But after the program learned at the end of July that it would lose its lease at 959 12th St., in West Oakland, its entire mission could be in jeopardy.

Finding an affordable lease at a time when building rents are soaring and nonprofits are increasingly being displaced from Oakland has proved to be difficult. East Bay Children’s Book Project Director Ann Katz said she has looked at more than 20 places to move into but has yet to locate an affordable space that has enough room for more than 20,000 books. With its monthly donations, the nonprofit can afford to pay about $1 per square foot.

Katz recently told some teachers that she was unsure if the program would make it through the end of the year. They were almost in tears.

Gaston Evans, who runs a nonprofit serving needy children in Oakland called We Tha People, said that while there are a few libraries around the city’s low-income communities, they’re not usually near the kids who need them.

As he looked through the books at the East Bay Children’s Book Project to bring to his nonprofit’s book bank, he came upon a box that had three copies of The Hunger Games books.

“Some of the kids I work with have heard of The Hunger Games,” he said. “But they’ve never actually seen” the books.

His sentiment was shared by most of the teachers and social workers who were searching through the nonprofit’s thousands of books that Thursday afternoon. Linda Grayson, a special education teacher at Martin Luther King Jr. Elementary school, said that many of the students she teaches have never owned their own book before. She lets them pick one out every Thursday to build their personal libraries.

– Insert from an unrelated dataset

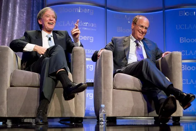 比尔·格罗斯(左)和拉里·芬克在2011年摄影:安德鲁·哈雷尔/彭博社债券市场已成为巨人的土地。比尔·格罗斯和拉里·芬克管理的债券投资组合总值达到3万亿美元。他们所经营的公司,Pimco和贝莱德,自2008年以来其持有的债券数量翻了一番,超过了市场50%的增长。根据晨星的数据,Pimco、先锋集团和富达投资管理着所有共同基金拥有的应税债券的39%,而1997年这一比例为18%。

It’s for students like Grayson’s that Katz and a group of other retired teachers started the East Bay Children’s Book Project 12 years ago. They began by giving away the books they had collected for their class libraries over the years at the Grand Lake Neighborhood Center, and the nonprofit took off from there.

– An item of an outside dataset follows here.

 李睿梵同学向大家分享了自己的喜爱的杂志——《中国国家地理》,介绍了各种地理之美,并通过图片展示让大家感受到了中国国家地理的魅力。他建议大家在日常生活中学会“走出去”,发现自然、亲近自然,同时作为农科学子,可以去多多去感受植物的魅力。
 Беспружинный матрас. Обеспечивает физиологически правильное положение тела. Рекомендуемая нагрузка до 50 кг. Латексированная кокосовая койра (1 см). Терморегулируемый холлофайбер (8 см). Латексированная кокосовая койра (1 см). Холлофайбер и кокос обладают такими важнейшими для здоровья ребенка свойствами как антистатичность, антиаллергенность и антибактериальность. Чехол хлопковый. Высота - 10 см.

“It just kept growing and growing,” Katz said. (The Express named the nonprofit Best Charity in the East Bay in 2013.)

As the program became more popular among teachers, it started to get more donations from local bookstores and community members.

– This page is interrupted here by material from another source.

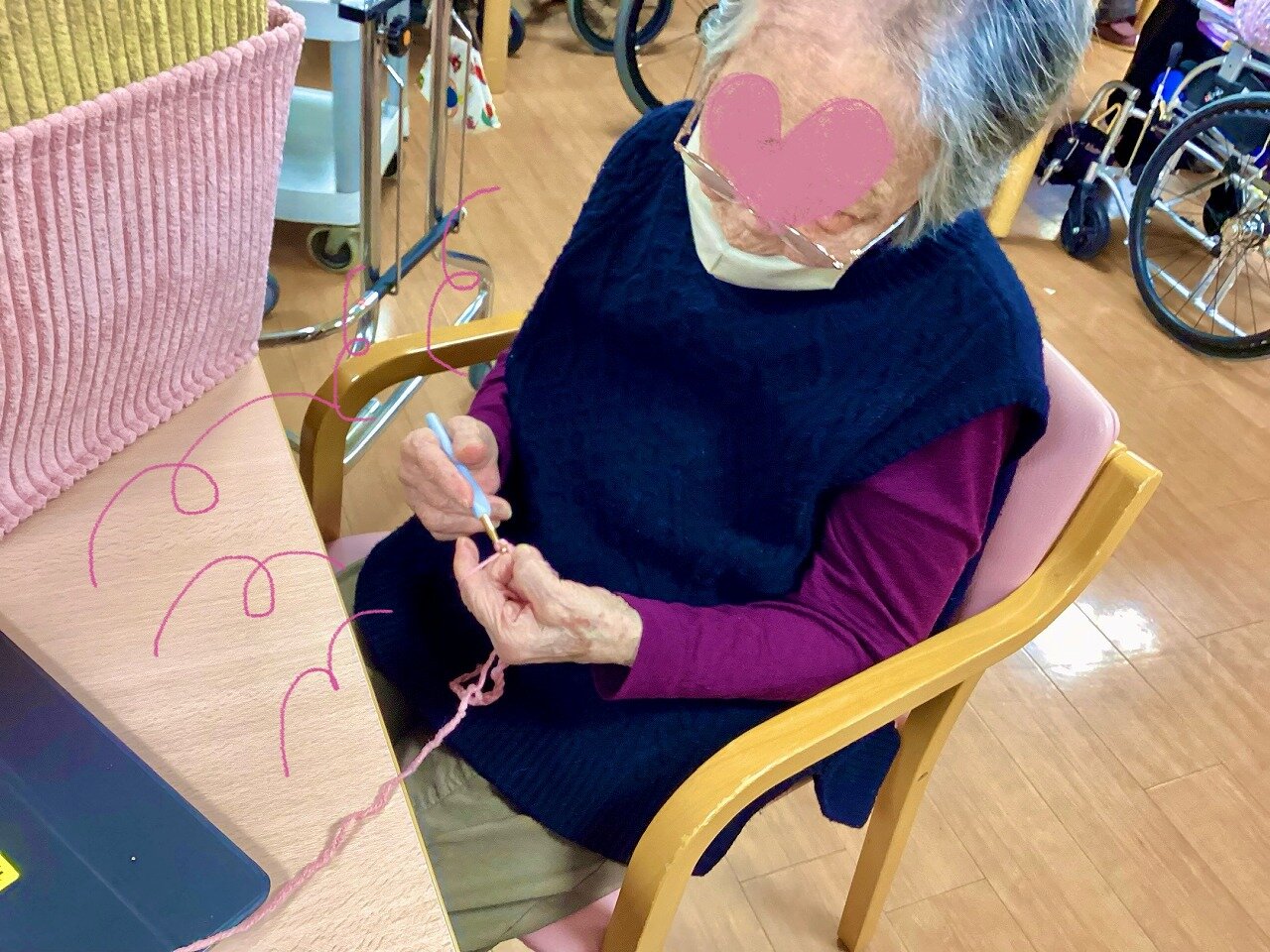 みんなとワイワイ話しながら楽しく編み物が出来る事です( *´艸`)

In 2009, the project became too big to remain in the Grand Lake Neighborhood Center. It moved around over the next few years, operating out of Lotus Bloom Family Resource Center and Mosswood Park before finally settling at West Oakland’s Bethlehem Lutheran Church.

Katz thought that the project would stay there forever. East Bay Children’s Book Project gave the building a new paint job, built a ramp to make the program ADA-accessible, and moved in thousands of books.

But at the end of July, Katz received a letter from Bethlehem Lutheran officials stating that East Bay Children’s Book Project had three months to move out. Church officials offered no explanation as to why they chose not to renew the nonprofit’s lease and declined to comment on the subject to the Express.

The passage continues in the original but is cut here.